_Input material_

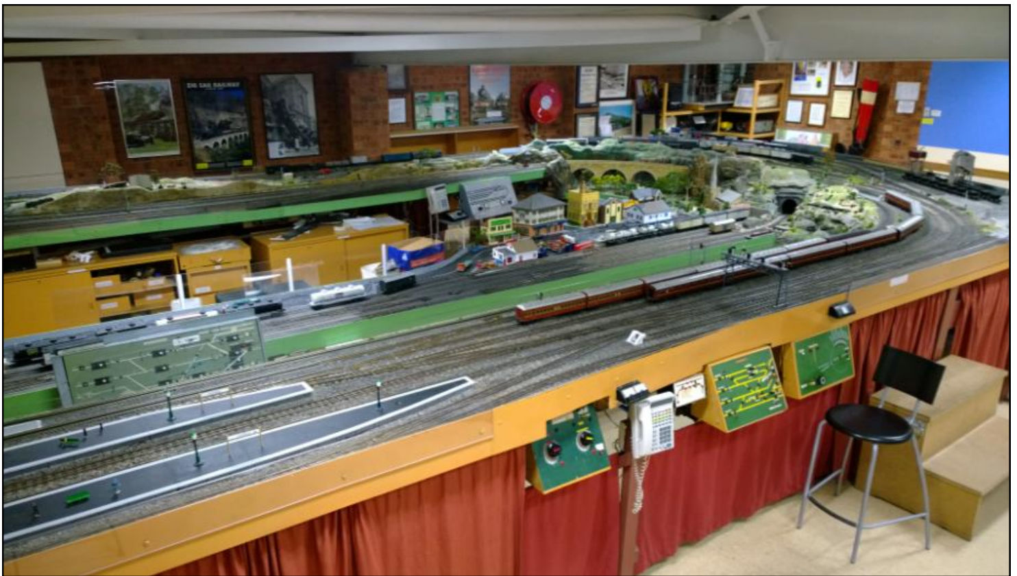
ABOVE: The O gauge layout from above, showing Davies terminus behind Central west and Shepherd's Sidings at right. (Glenn Percival)
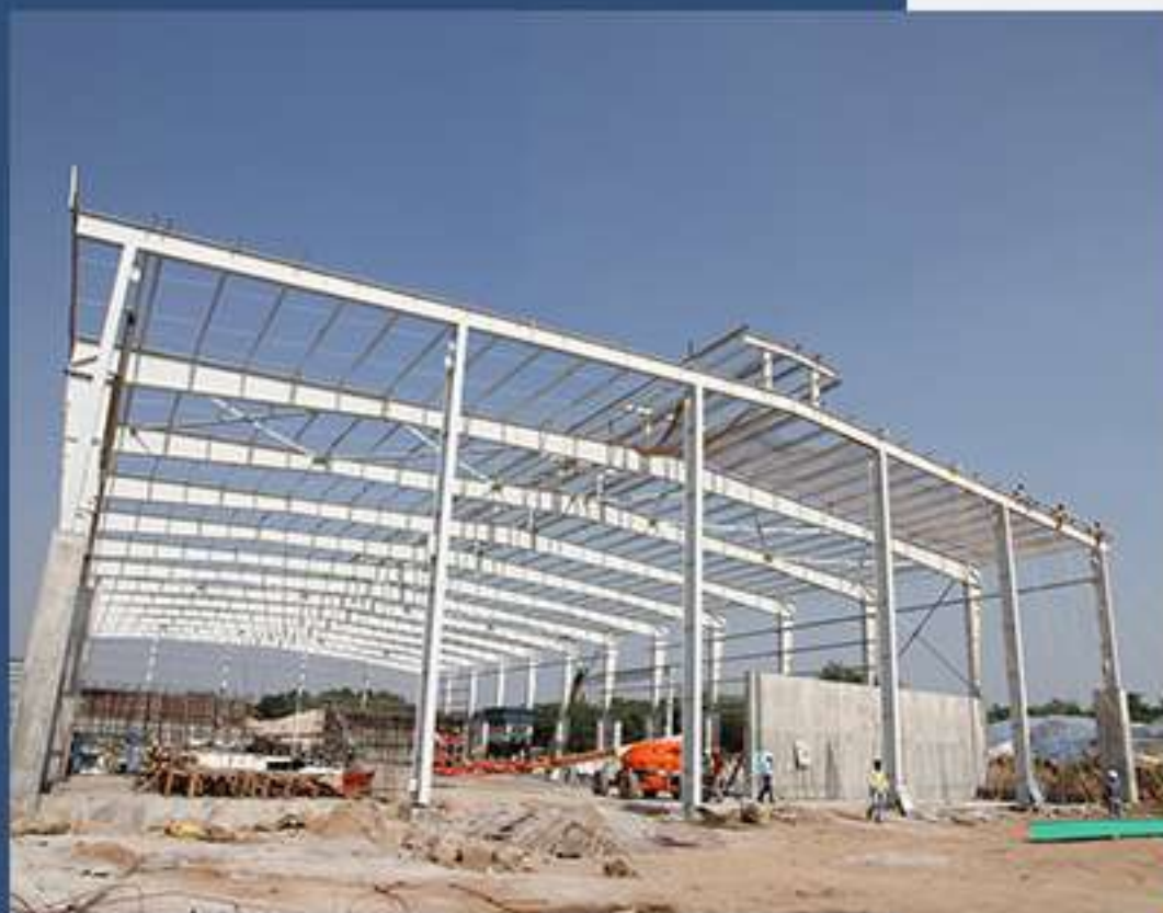
AMBUJA CEMENT LTD ASR STORAGE BUILDING Pali, Rajasthan Clear Span building of 40 m
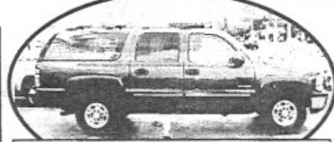
2000 Chevy Suburban, blue, 4x4, 3rd row seat, 3/4 ton, LOW MILES
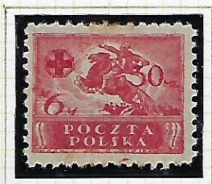
6m + 30m: rose-carminé.
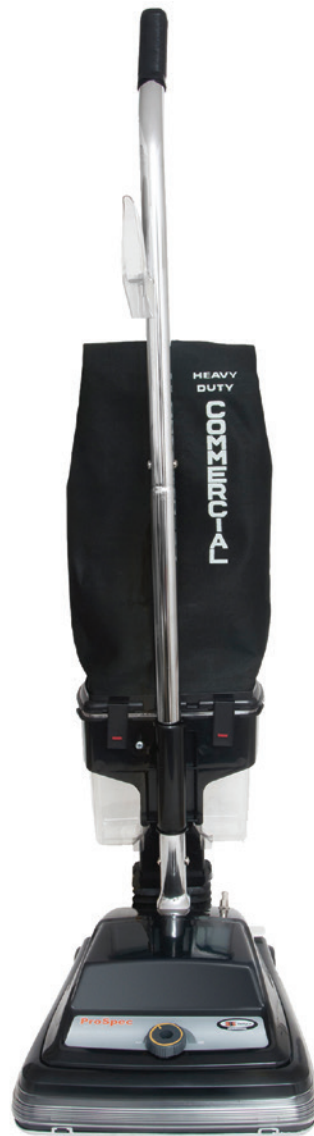
ProSpec HD101DC Dust Cup Model
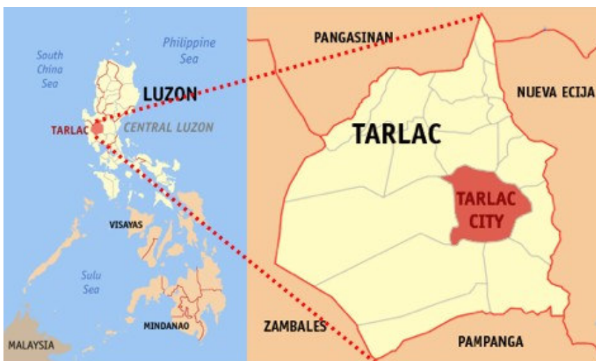
Figure 3 Location Maps 2

Tarlac city is a 3 rd class and the only city in the province of Tarlac. The city has a population of 262,481 people in 51,703 households divided in 76 barangays.
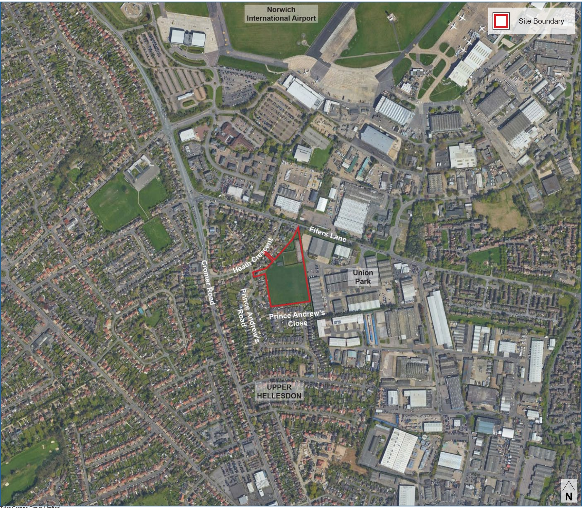
Plan 1: Site Location and Site Context (12790/P01)
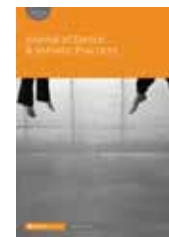
Journal of Dance & Somatic Practices

_About this exercise_
When a line in the records contains the string "Location", it counts; state how many lines count, with no other words.

_Expected answer_
2